Ok guys should we play another game or drink more beer? woohoo beer it is then!!!!


----------



## Field Hunter (Mar 4, 2002)

Wish I were younger. How about, "less filling - tastes great"


----------



## WARDEN247 (Sep 7, 2004)

Why are there no geese decoying in on us today???mmmmm


----------



## Remmi_&amp;_I (Dec 2, 2003)

"If I wasn't so drunk I could hit one homerun that way, and another that way!" :beer:


----------



## Remmi_&amp;_I (Dec 2, 2003)

These "name the subtitle" threads are the best! :jammin:


----------



## buckseye (Dec 8, 2003)

I was abducted and when I got back my pants were stuck up my ***!!


----------



## Goldy's Pal (Jan 6, 2004)

"We just scared away the last chick and she went datta way." 
"In a hurry." :fro:


----------



## WARDEN247 (Sep 7, 2004)

Who p$ssed in my powerade??


----------



## jamartinmg2 (Oct 7, 2004)

"So what if we lost the game. What's your point?" :beer:


----------



## Remmi_&amp;_I (Dec 2, 2003)

"BRING ON THE DIESEL!!!!!!!!" aka BUDWEISER !


----------



## 4CurlRedleg (Aug 31, 2003)

And Hustad said I looked like a biker! 8)

He is a poster child from the skinhead website!! :wink:


----------



## Shu (Oct 21, 2003)

She looked good last night, but when I woke up the next morning her a$$ was thiiiiis big

:beer:


----------



## nodakoutdoors.com (Feb 27, 2002)

What?
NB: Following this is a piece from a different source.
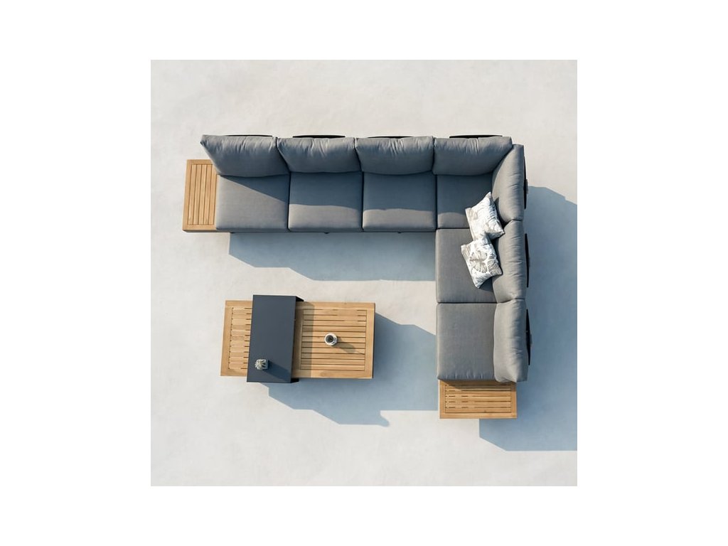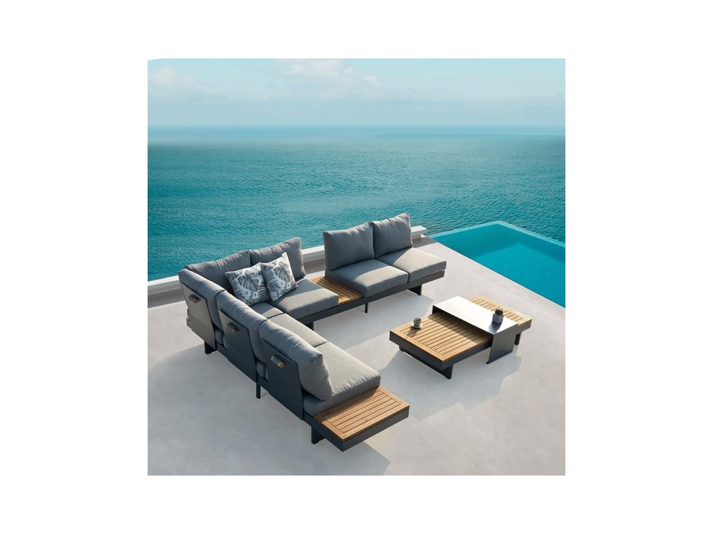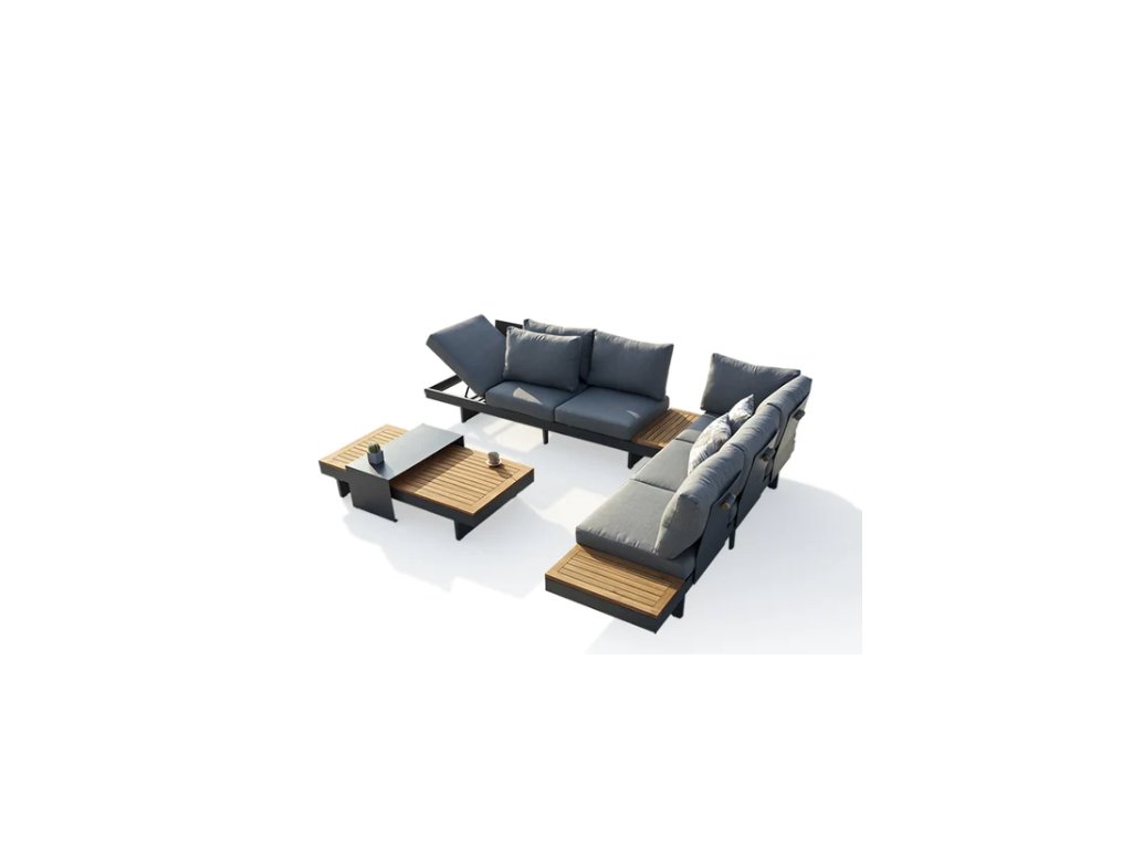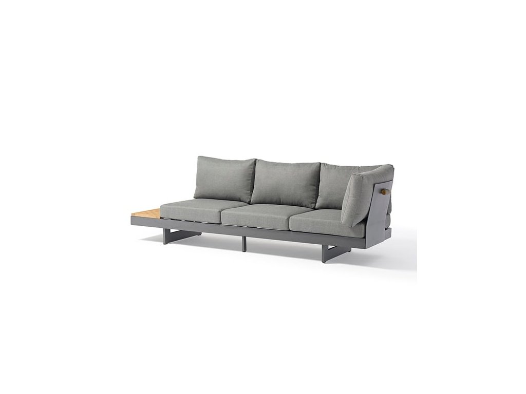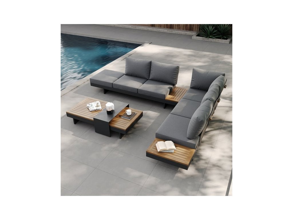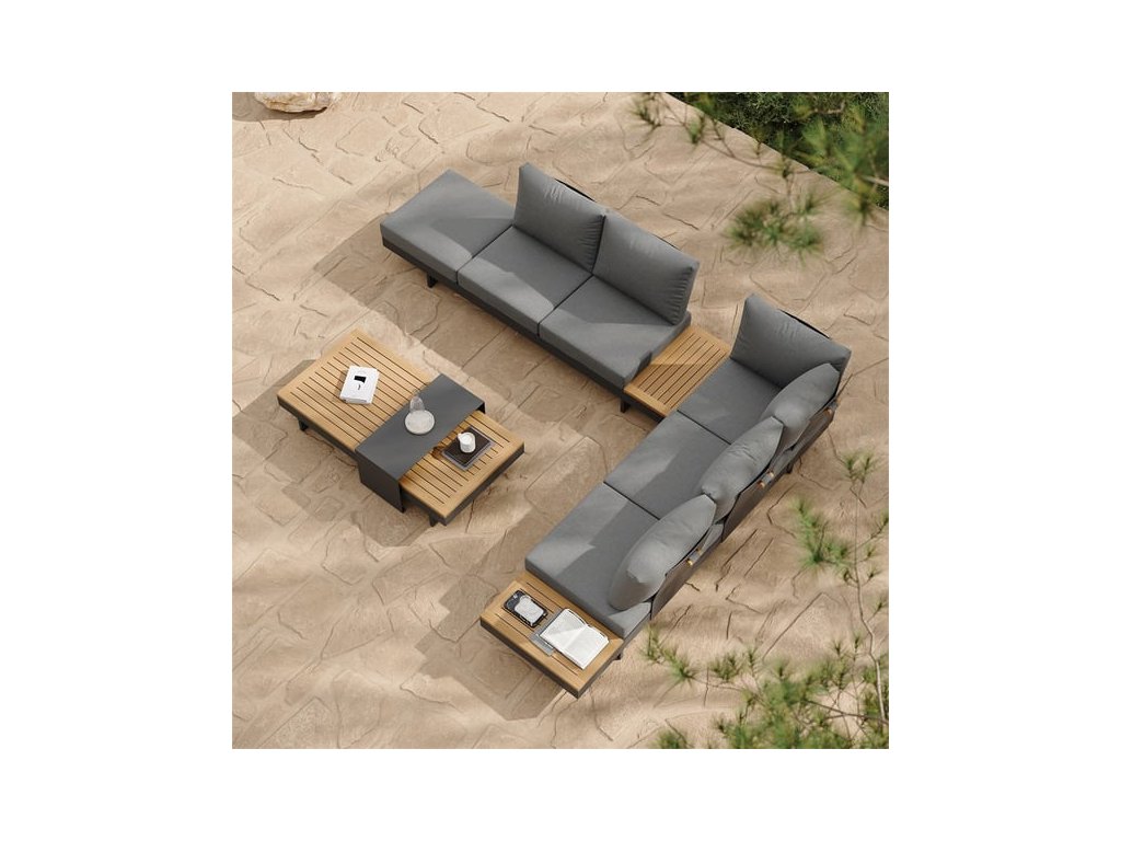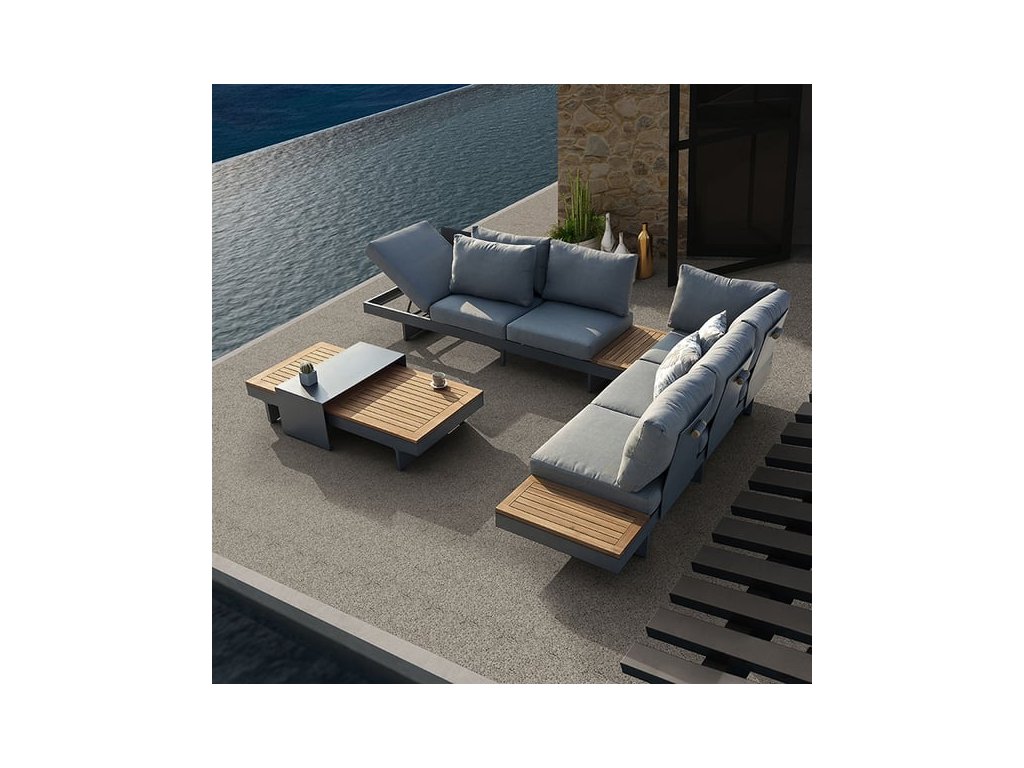 Venkovní pohovka Sky je mimořádně elegantním a variabilním prvkem moderního zahradního posezení. Je tvořena lehkou, ale pevnou konstrukcí z antracitově lakovaného hliníku, která je osazena odnímatelnými sedacími i opěrnými polštáři ze šedého OLEFINU – inovativního materiálu s vysokou odolností vůči UV záření a klimatickým podmínkám. Pohovku lze přizpůsobit aktuálním potřebám – využijete ji jako rohovou sedačku, dvě samostatné pohovky nebo pohovku a lehátko s polohovatelným koncem. Na straně nabízí prakticky integrovaný odkládací stolek, které je napojený přímo na konstrukci. Povrchy všech těchto prvků jsou z luxusního teakového dřeva, které dodává pohovce teplý a přírodní vzhled.
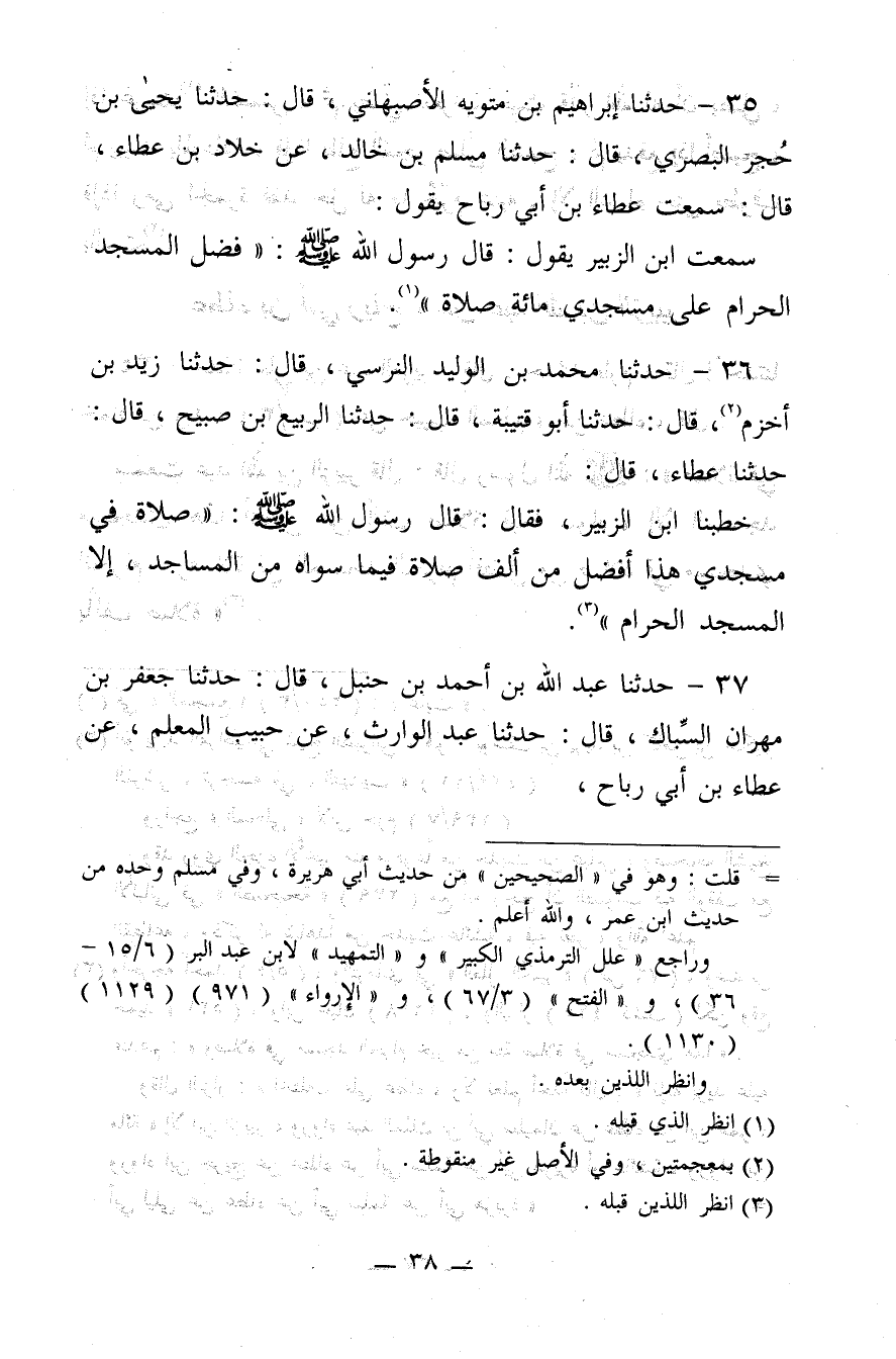 35 - حَدَّثَنَا إِبْرَاهِيمُ بن مَتْوَيْهِ الأَصْبَهَانِيُّ، قَالَ: حَدَّثَنَا يَحْيَى بن حُجْرٍ الْبَصْرِيُّ، قَالَ: حَدَّثَنَا مُسْلِمُ بن خَالِدٍ، عَنْ خَلادِ بن عَطَاءٍ، قَالَ: سَمِعْتُ عَطَاءَ بن أَبِي رَبَاحٍ، يَقُولُ: سَمِعْتُ ابْنَ الزُّبَيْرِ، يَقُولُ: قَالَ رَسُولُ اللَّهِ صَلَّى اللَّهُ عَلَيْهِ وَسَلَّمَ:"فَضْلُ الْمَسْجِدِ الْحَرَامِ عَلَى مَسْجِدِي مَائَةُ صَلاةٍ".

No one noticed the guy peeing in the right side of the picture? :lol:


----------



## mallardhunter (May 15, 2004)

Nope...until now :rollin:


----------



## Maverick (Mar 4, 2002)

Damn I am in the picture and I have seen this pic about 100 times and I didn't even notice Ben urinating! :lol:


----------



## buckseye (Dec 8, 2003)

All booze and no shoes!!! :lol:


----------



## fishhook (Aug 29, 2002)

I choose to practice abstenence, so i don't care.


----------



## Goldy's Pal (Jan 6, 2004)

Who's peeing, the one squatting or the one standing?? :lol:


----------



## Ryan_Todd (Apr 11, 2004)

:lol: :lol: :lol:


----------



## Goldy's Pal (Jan 6, 2004)

Is someone a yankee fan?


----------



## Eric Hustad (Feb 25, 2002)

"No, the guy was serious we really have to play softball!"


----------



## curty (Sep 18, 2003)

Im telling ya ref, "he's safe"!


----------



## Maverick (Mar 4, 2002)

I believe that our record at Leola is a good 2-8? Not bad considering our record for cases of beer is a perfect 40-0!!


----------